> **Material provided**:
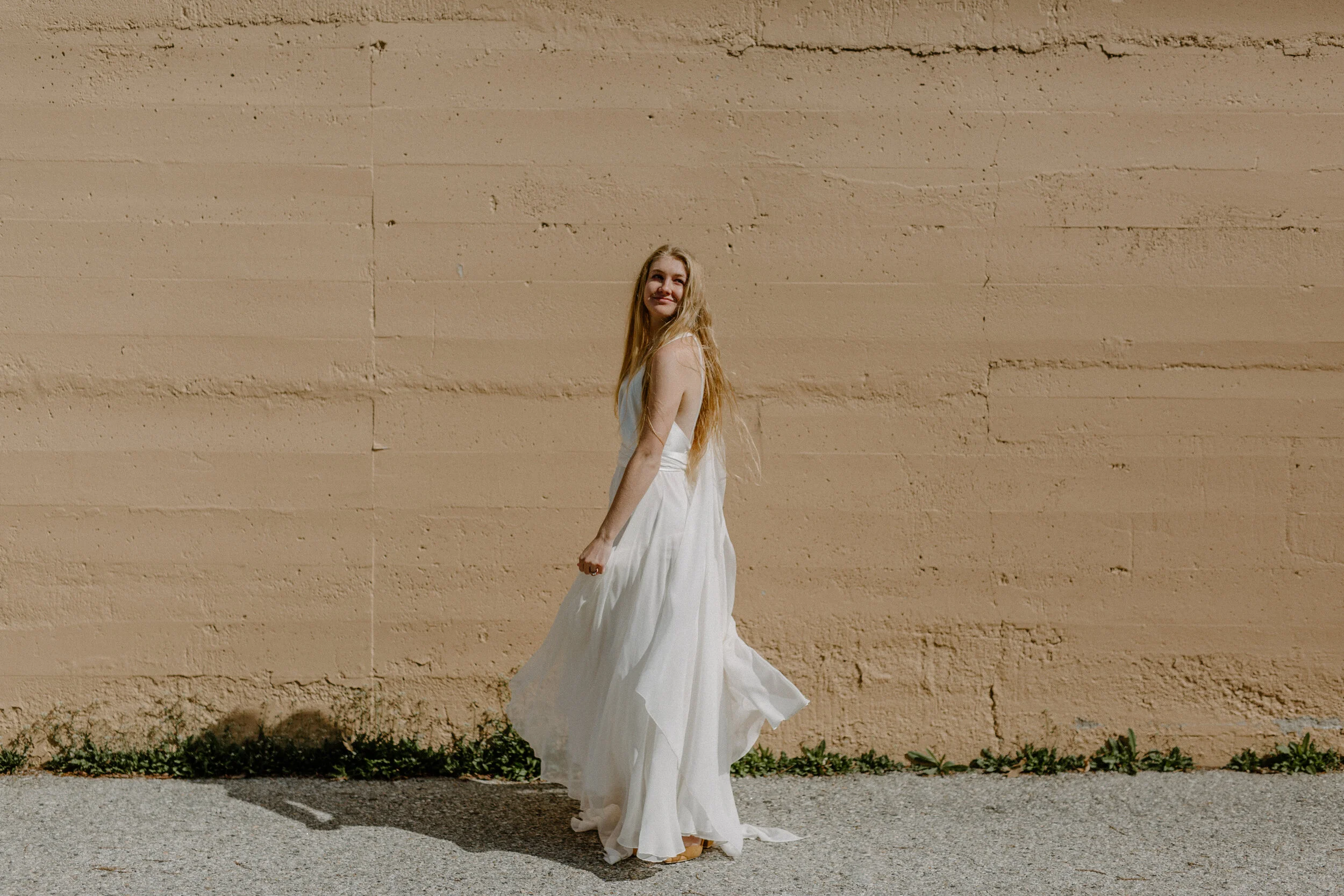 Minimalist Desert inspired bridal Editorial with Lynn wedding dress downtown Boise
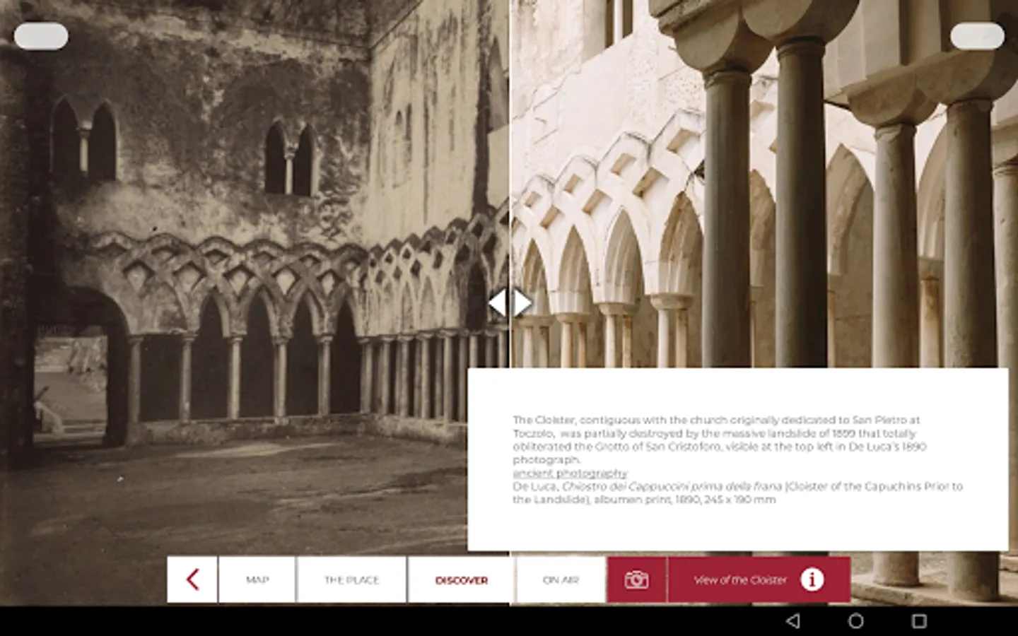 Discover. Immerse yourself into the historical pictures of the Convent and live an extraordinary augmented reality experience. Relive the daily routine of the Cistercians monks or compare past and present through the virtual reconstruction of the ancient collapsed cave.
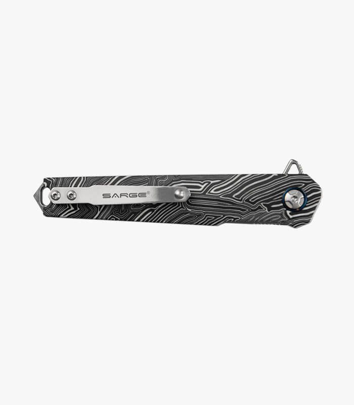Crafted with the highest specifications – SARGE’s Dimension knife is one of a kind. The 3.65″ stiletto blade is manufactured with D2 steel that is high carbon, high chromium, and high-end. D2 steel has a high wear resistance and creates a tough blade that holds an edge. With the high chromium content the D2 blade is more corrosion resistant than most steels and offers a hardness in the range of 55-62 making it a high-end knife steel.
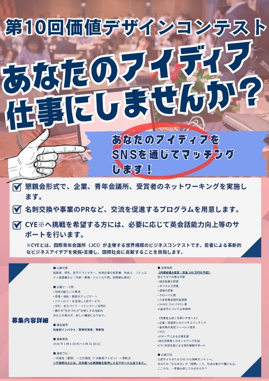 公益社団法人日本青年会議所では、今年で10回目の開催となるビジネスコンテスト「第10回価値デザインコンテスト」のエントリーを2026年3月31日(火)まで受け付け中です。
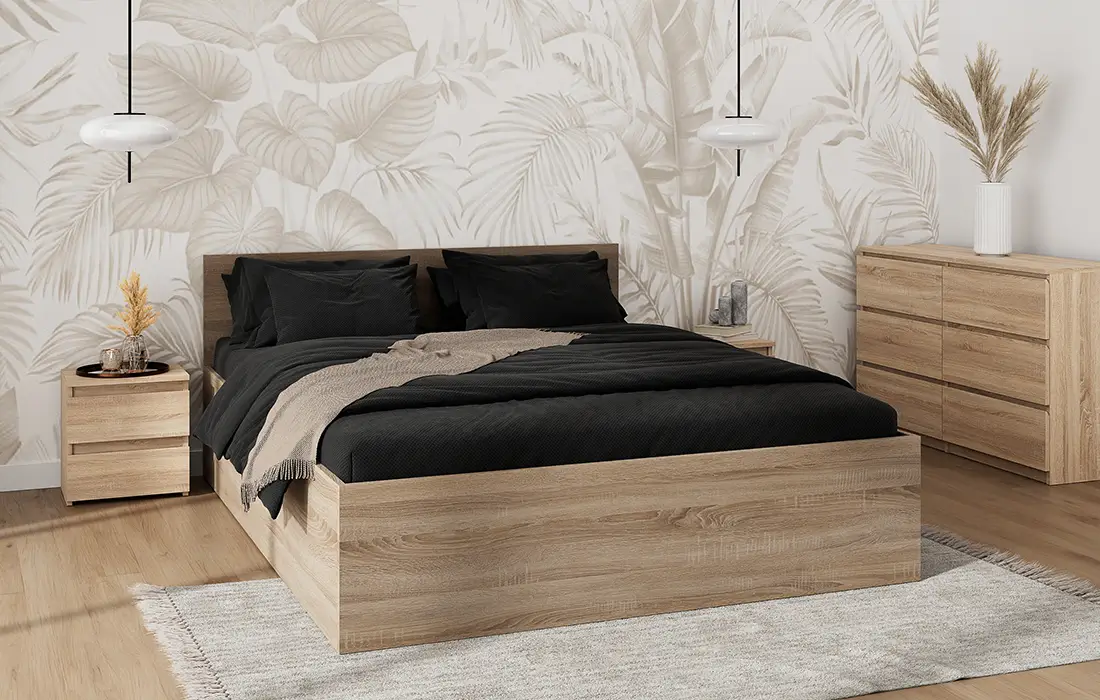 Zobacz opis produktuŁóżko DM1 w kolorze dąb sonoma to nowoczesny i funkcjonalny mebel wykonany z trwałej płyty meblowej, charakteryzujący się prostą, minimalistyczną formą. Jasny odcień wprowadza do wnętrza nowoczesny i stylowy charakter, idealnie komponując się z różnorodnymi stylami aranżacji. Wytrzymała i bezpieczna konstrukcja oraz wygodne wezgłowie zapewniają komfort użytkowania, a uniwersalny design sprawia, że łóżko doskonale sprawdzi się w sypialni, pokoju młodzieżowym czy gościnnym. To praktyczne rozwiązanie dla osób ceniących połączenie estetyki i trwałości. Dodatkowo, kompaktowy rozmiar łóżka czyni je idealnym wyborem do mniejszych przestrzeni, bez utraty funkcjonalności. Stabilność konstrukcji oraz precyzyjne wykonanie zapewniają bezpieczeństwo, nawet przy intensywnym użytkowaniu. Naturalna, drewnopodobna powierzchnia jest nie tylko estetyczna, ale również łatwa w pielęgnacji, co pozwala na utrzymanie mebla w doskonałym stanie przez długi czas. Łóżko DM1 to połączenie klasycznej elegancji z nowoczesnym podejściem do komfortu i praktyczności.
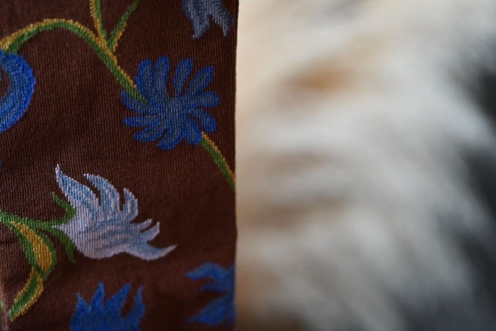 クラシックな装いに、柄や色がほんのわずかに差し込まれる。

> **Task requirements**: Your answer must be the full listing, reproduced word for word, without its pictures.

> **Exercise answer**:
 Minimalist Desert inspired bridal Editorial with Lynn wedding dress downtown Boise
 Discover. Immerse yourself into the historical pictures of the Convent and live an extraordinary augmented reality experience. Relive the daily routine of the Cistercians monks or compare past and present through the virtual reconstruction of the ancient collapsed cave.
Crafted with the highest specifications – SARGE’s Dimension knife is one of a kind. The 3.65″ stiletto blade is manufactured with D2 steel that is high carbon, high chromium, and high-end. D2 steel has a high wear resistance and creates a tough blade that holds an edge. With the high chromium content the D2 blade is more corrosion resistant than most steels and offers a hardness in the range of 55-62 making it a high-end knife steel.
 公益社団法人日本青年会議所では、今年で10回目の開催となるビジネスコンテスト「第10回価値デザインコンテスト」のエントリーを2026年3月31日(火)まで受け付け中です。
 Zobacz opis produktuŁóżko DM1 w kolorze dąb sonoma to nowoczesny i funkcjonalny mebel wykonany z trwałej płyty meblowej, charakteryzujący się prostą, minimalistyczną formą. Jasny odcień wprowadza do wnętrza nowoczesny i stylowy charakter, idealnie komponując się z różnorodnymi stylami aranżacji. Wytrzymała i bezpieczna konstrukcja oraz wygodne wezgłowie zapewniają komfort użytkowania, a uniwersalny design sprawia, że łóżko doskonale sprawdzi się w sypialni, pokoju młodzieżowym czy gościnnym. To praktyczne rozwiązanie dla osób ceniących połączenie estetyki i trwałości. Dodatkowo, kompaktowy rozmiar łóżka czyni je idealnym wyborem do mniejszych przestrzeni, bez utraty funkcjonalności. Stabilność konstrukcji oraz precyzyjne wykonanie zapewniają bezpieczeństwo, nawet przy intensywnym użytkowaniu. Naturalna, drewnopodobna powierzchnia jest nie tylko estetyczna, ale również łatwa w pielęgnacji, co pozwala na utrzymanie mebla w doskonałym stanie przez długi czas. Łóżko DM1 to połączenie klasycznej elegancji z nowoczesnym podejściem do komfortu i praktyczności.
 クラシックな装いに、柄や色がほんのわずかに差し込まれる。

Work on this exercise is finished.